Median patients’ age was 62 years (range 43-75). 115 of men (34%) were GS=6, 180 (53%) of GS=7, 26 (8%) of GS=8 and 13 (4%) of GS=9. 243 (73%) of men were pT2 and 91 (27%) of were pT3. 153 patients (45%) had Positive surgical margins. Table 1 summarizes clinical and pathological characteristics.
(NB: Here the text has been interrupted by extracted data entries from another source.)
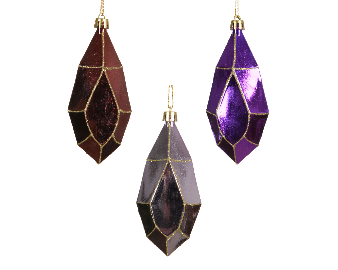 Voeg een stijlvolle en chique touch toe aan je kerstdecor met deze glanzende diamantvormige kerstornamenten. Elk ornament is ca. 12 cm lang en prachtig afgewerkt met gouden lijnen voor een luxe uitstraling.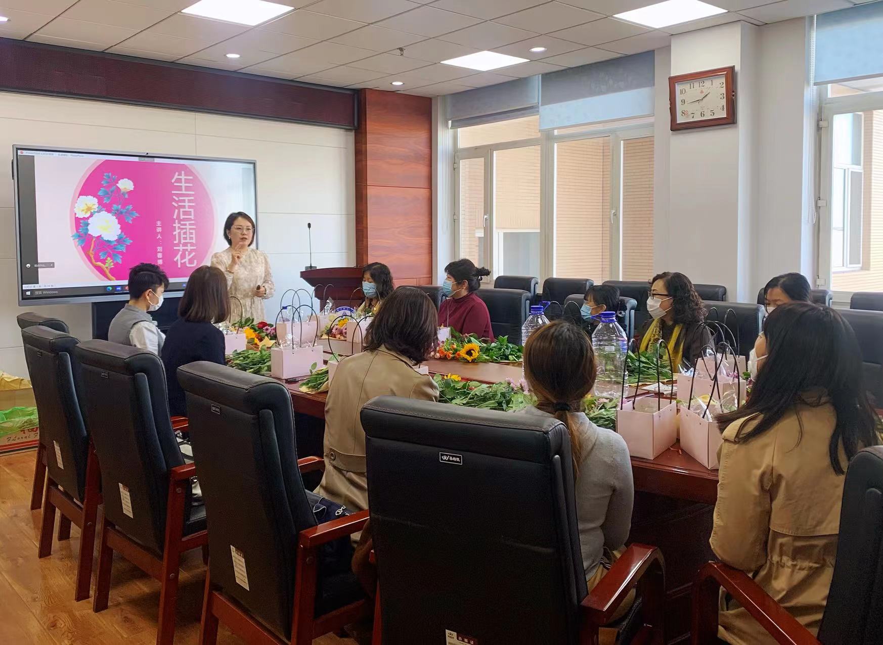 公司妇委会根据疫情防控要求,采取线上、线下相结合的形式,邀请刘春博现场讲解并指导本次主题插花活动。一是介绍国家级非物质文化遗产传统插花和现代插花、东方插花和西方插花的特点,欣赏不同流派的经典插花作品,让大家对插花艺术有了更深层次的认识;二是介绍鲜花的品种和寓意,讲解插花的基本理论知识和技巧。本次活动准备的是以喜庆的红色玫瑰和黄色向日葵为主的花材,在现场指导下,女教职工修剪花枝、确定架构、搭配色彩,结合个人对美的不同理解,充分发挥想象力和创造力,搭配出精美的花艺作品。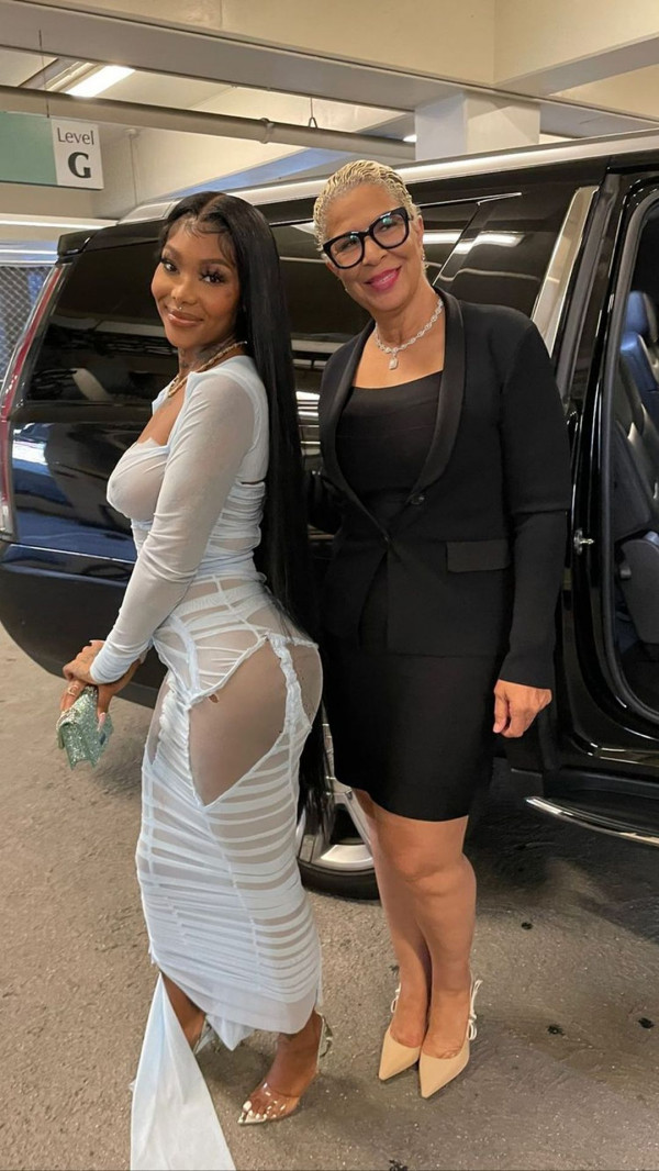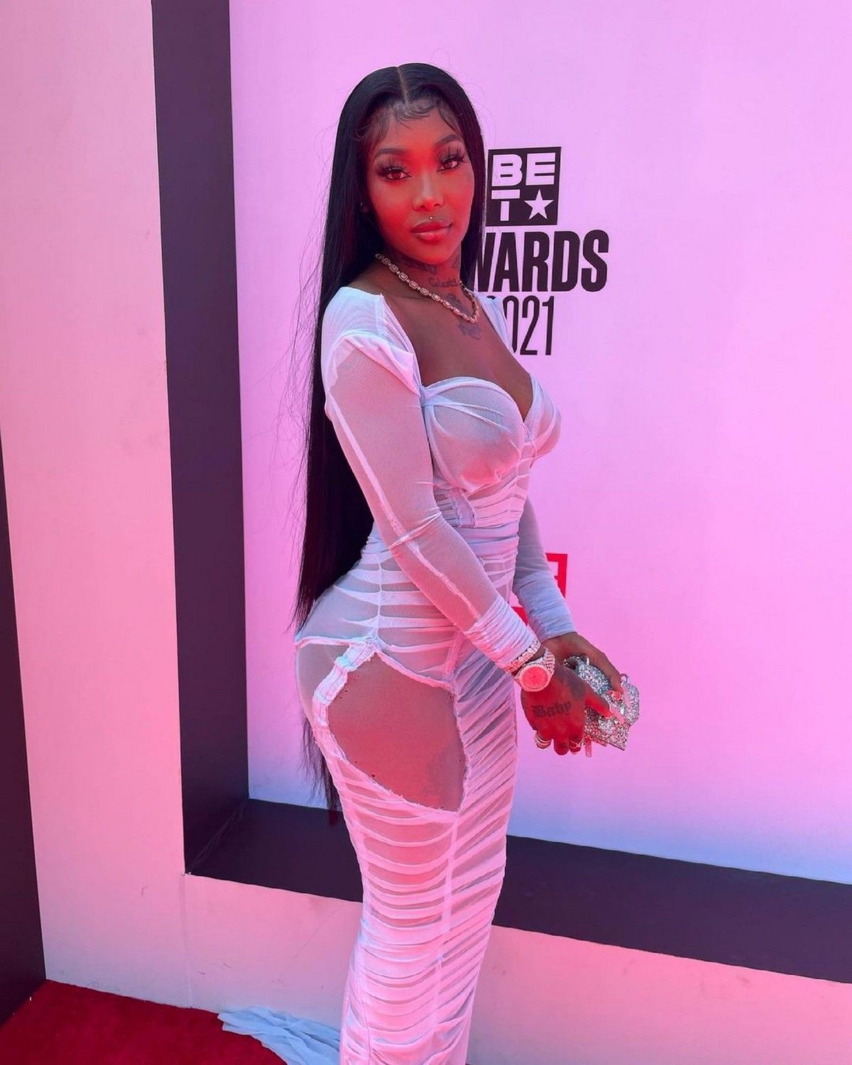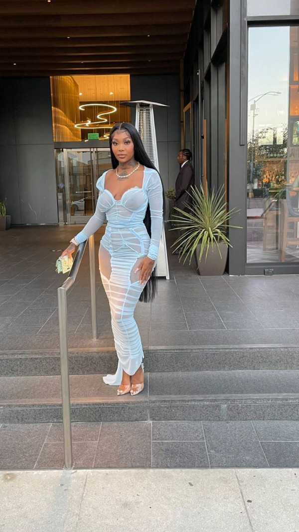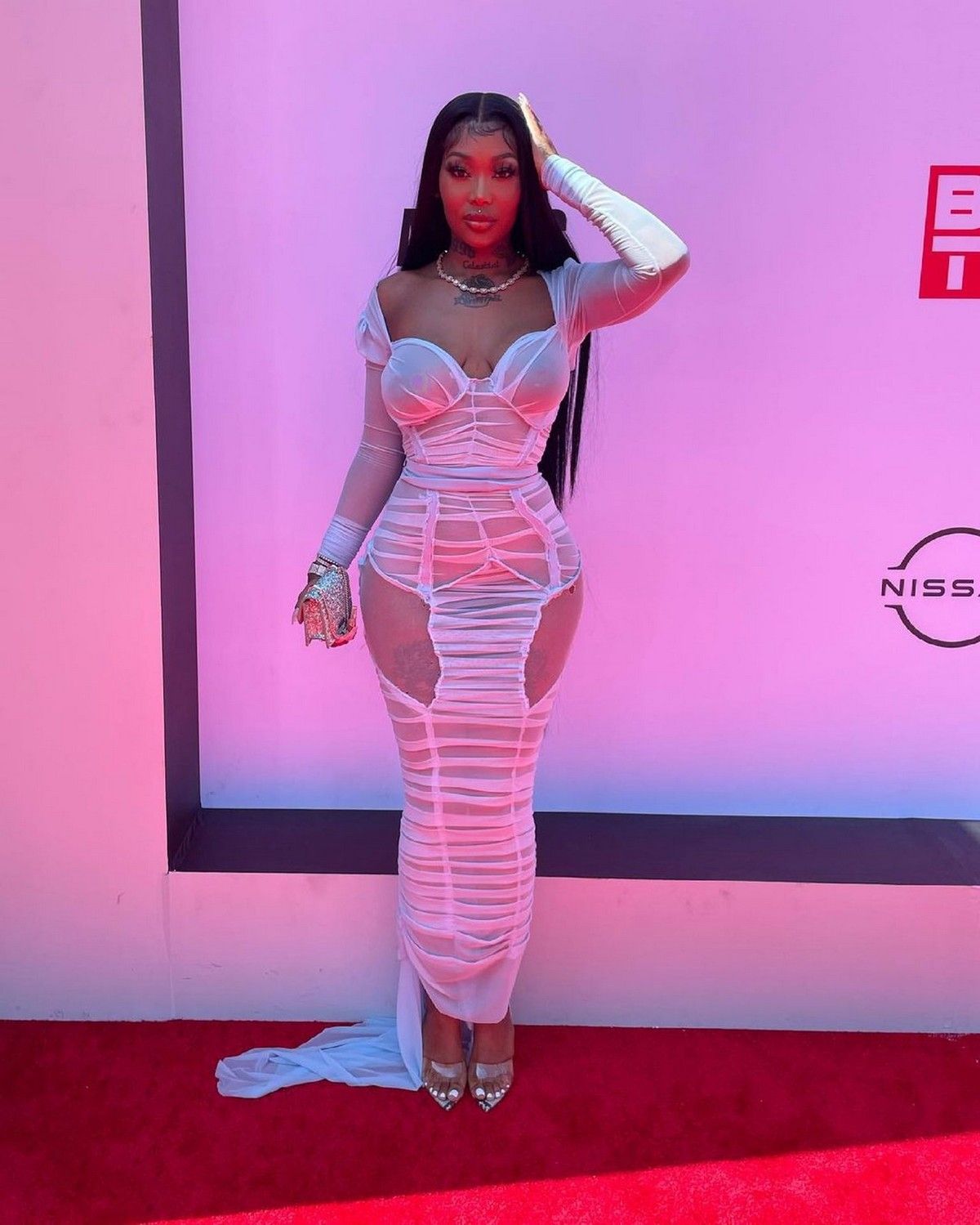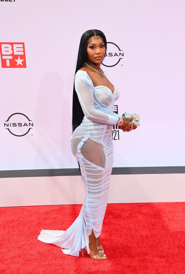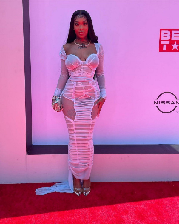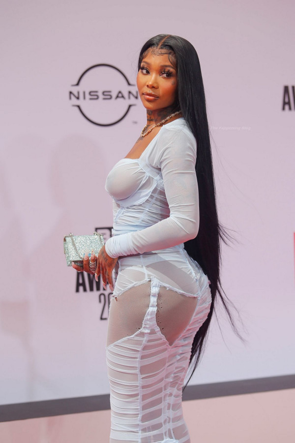 25-летняя американская певица и автор песен Саммер Уокер (Summer Walker) в просвечивающем платье на премии BET Awards в Microsoft theatre в Лос-Анджелесе.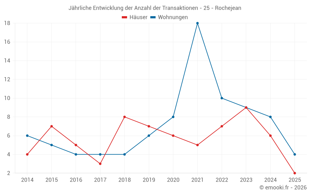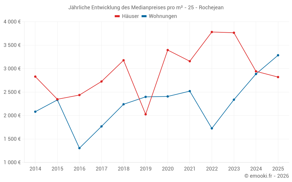 Der Durchschnittspreis auf den 17 Wohnungstransaktionen der letzten 24 Monate in der Gemeinde Rochejean betrug 2 967 € pro Quadratmeter für einen mittleren Immobilienwert von 152 000 €. Über diesen Zeitraum hinweg lagen 60% der Transaktionen zwischen 2 126 und 3 550 € pro Quadratmeter (vom 2. bis zum 8. Dezil).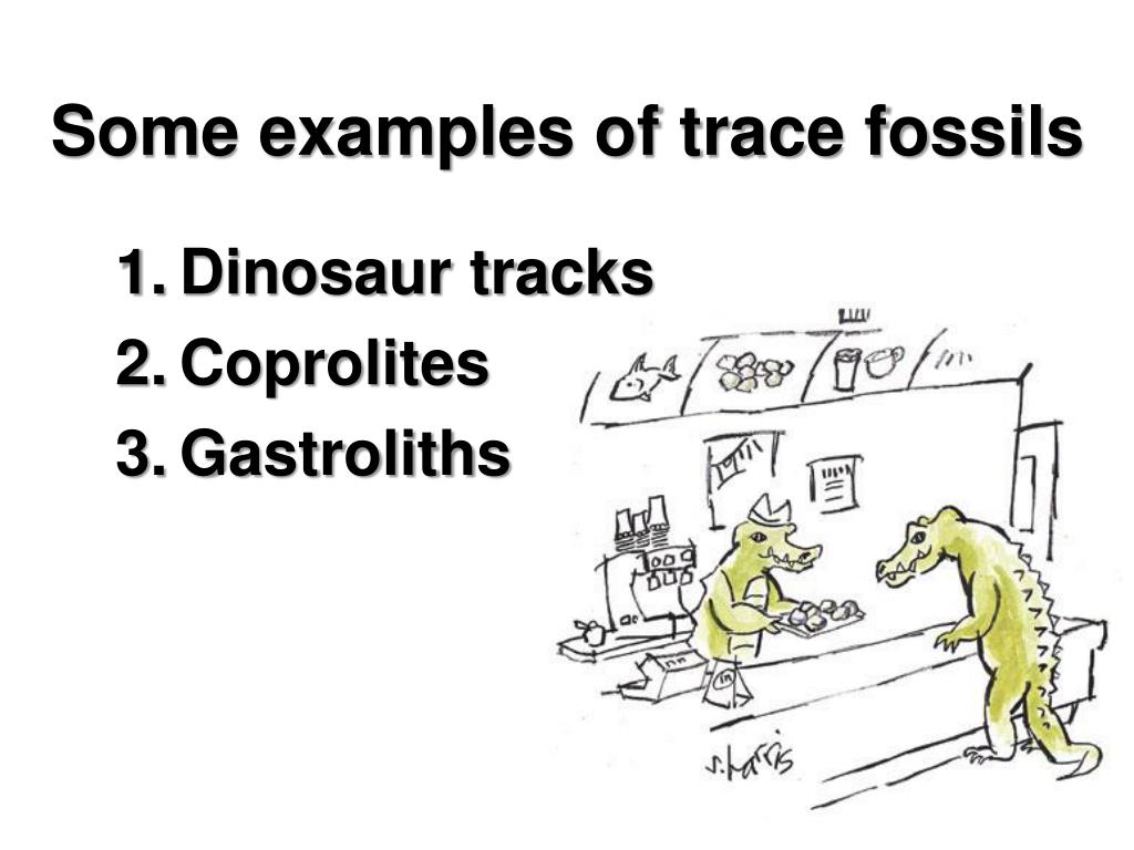 Some examples of trace fossils Dinosaur tracks Coprolites Gastroliths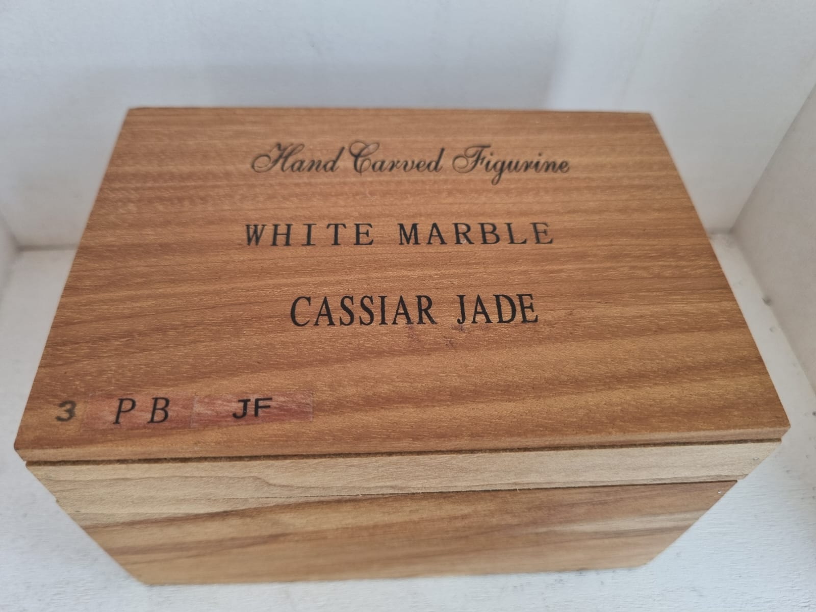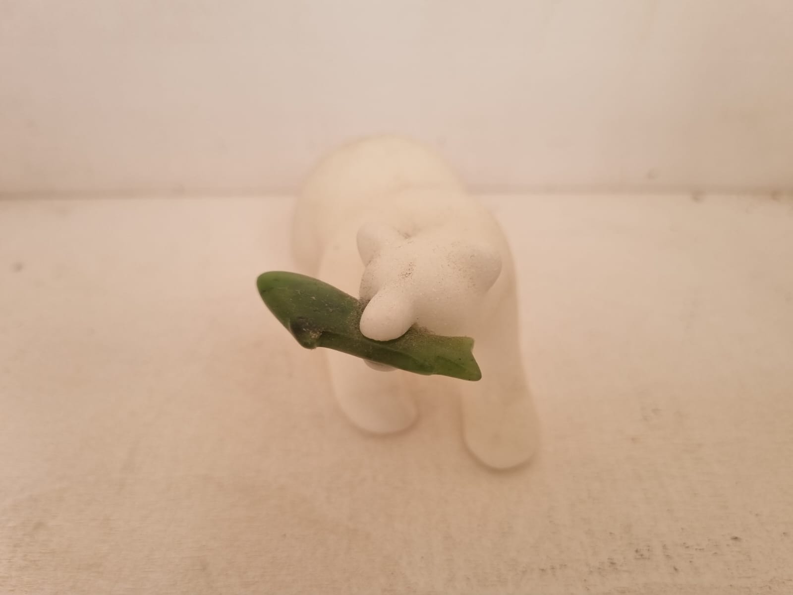 Orso bianco in marmo che pesca salmone in giada, soprammobile originale con garanzia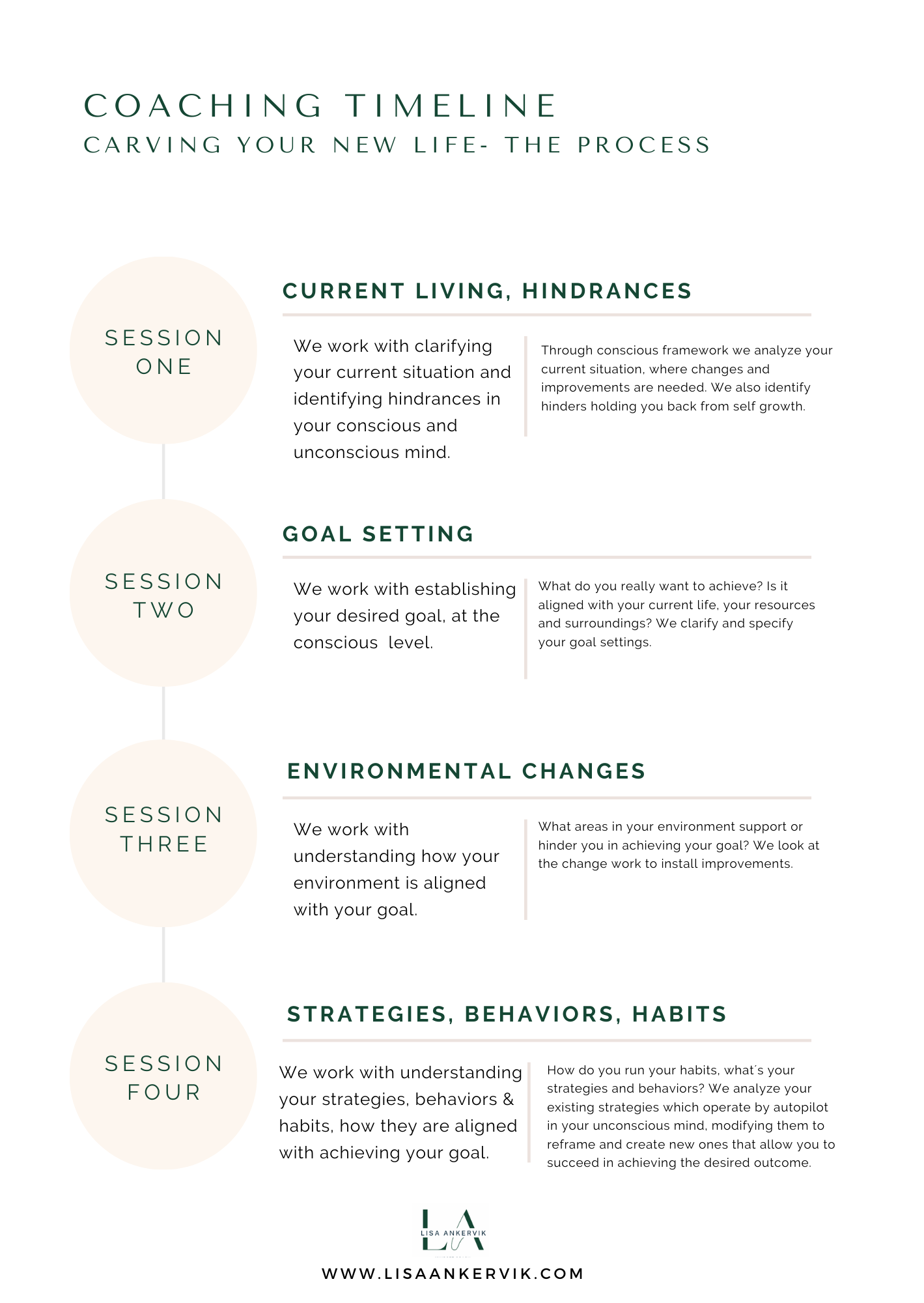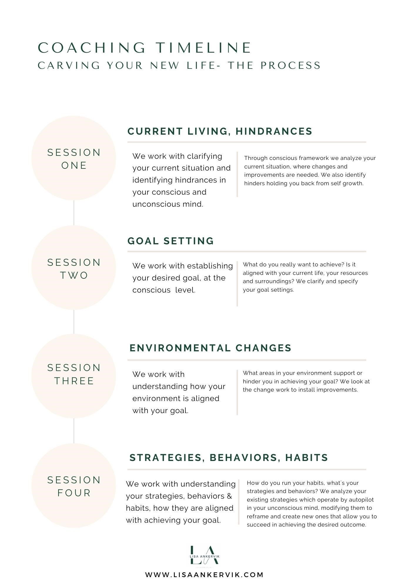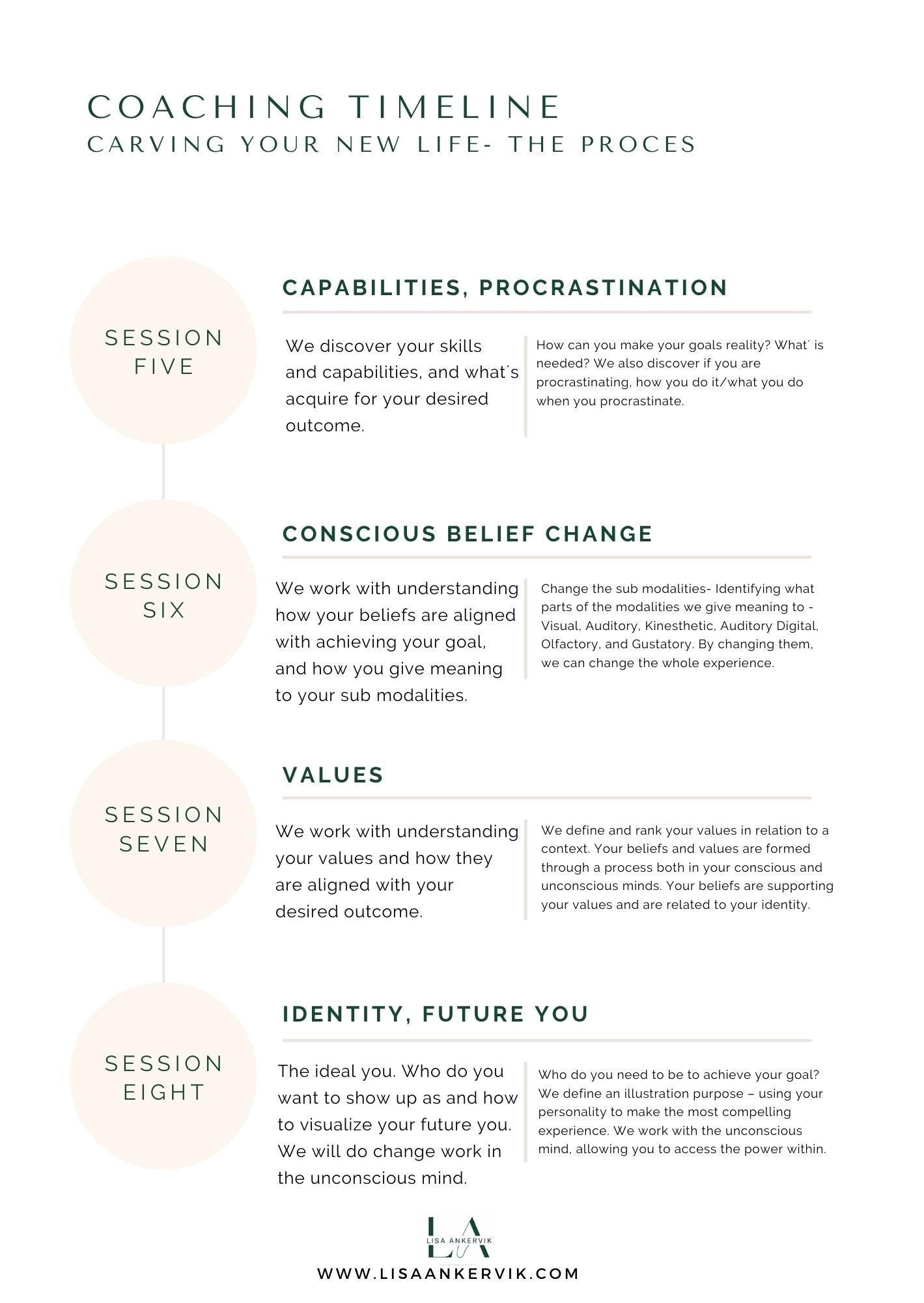 The timeline is designed for you to see an overall structure of our coaching sessions, which lead to the foundation for mapping your future self. Note that every person has their own unique experience and challenges. Therefore, the timeline is adaptable for changes that benefit the clients personal needs and requests. The pre-work and tasks for each week are included in the program and will also be customized for each individual client.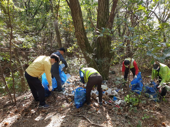 경기 남양주시 진건퇴계원행정복지센터는 지난 5일 추석연휴 기간 공동묘지 주변에 버려진 성묘 쓰레기를 수거하는 활동을 전개했다. 사진은 이날 참여자들이 성묘객들이 버린 쓰레기를 수거하고 있는 모습. (사진제공=남양주시청)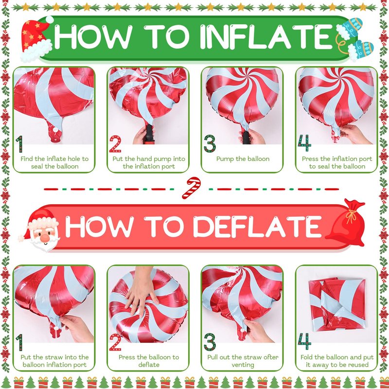 - Repeated Use: The Christmas candy cane and gift box balloons kit contains a straw that can be used to deflate the xmas foil balloon, simply insert the straw into the valve and press gently until the gas is completely expelled. After use, it can be folded and stored for reuse.

PTEN, ERG and SPINK1 by immunohistochemistry

ERG positivity was detected in 123/288 (42.7%). PTEN protein expression was positive in 206/297 of cases with (69.3%) ranging from weak to high intensity relative to adjacent benign prostate epithelium (control).

IHC for SPINK1 was successful for only 2 TMAs (n=150) due to technical issues and was expressed in 6/150 cases (4%).

Although there was no significant association between individual grade grouping and each of ERG, PTEN and SPINK1 expression, there was significant correlation between ERG expression and Gleason score when assessed as GG1-3 vs 4-5 with ERG positive cases occurring in 45% cases of GG1-3 vs. 27% in GG4-5 (p=0.04). PTEN did not show any significant association within this distribution (p=0.11). Table 2 summarizes distribution of PTEN, ERG and SPINK1 in various Gleason grade groups and as binary groups.

Combined makers by immunohistochemistry:

To gain insight into the co-expression of markers within same tumor foci, we investigated marker status based on the status within individual core tumor foci. In this cohort, 32/246 13% tumor tissue cores were PTEN negative/ ERG positive, while 100/246 (41%) of cores showed any PTEN intensity while being ERG negative.

In contrast to published reports from western population, tumors foci negative for PTEN staining were not enriched for ERG positivity and were more likely to be ERG negative 81% vs 61% ERG positive tumor foci being PTEN negative (p=0.06) (Table 3).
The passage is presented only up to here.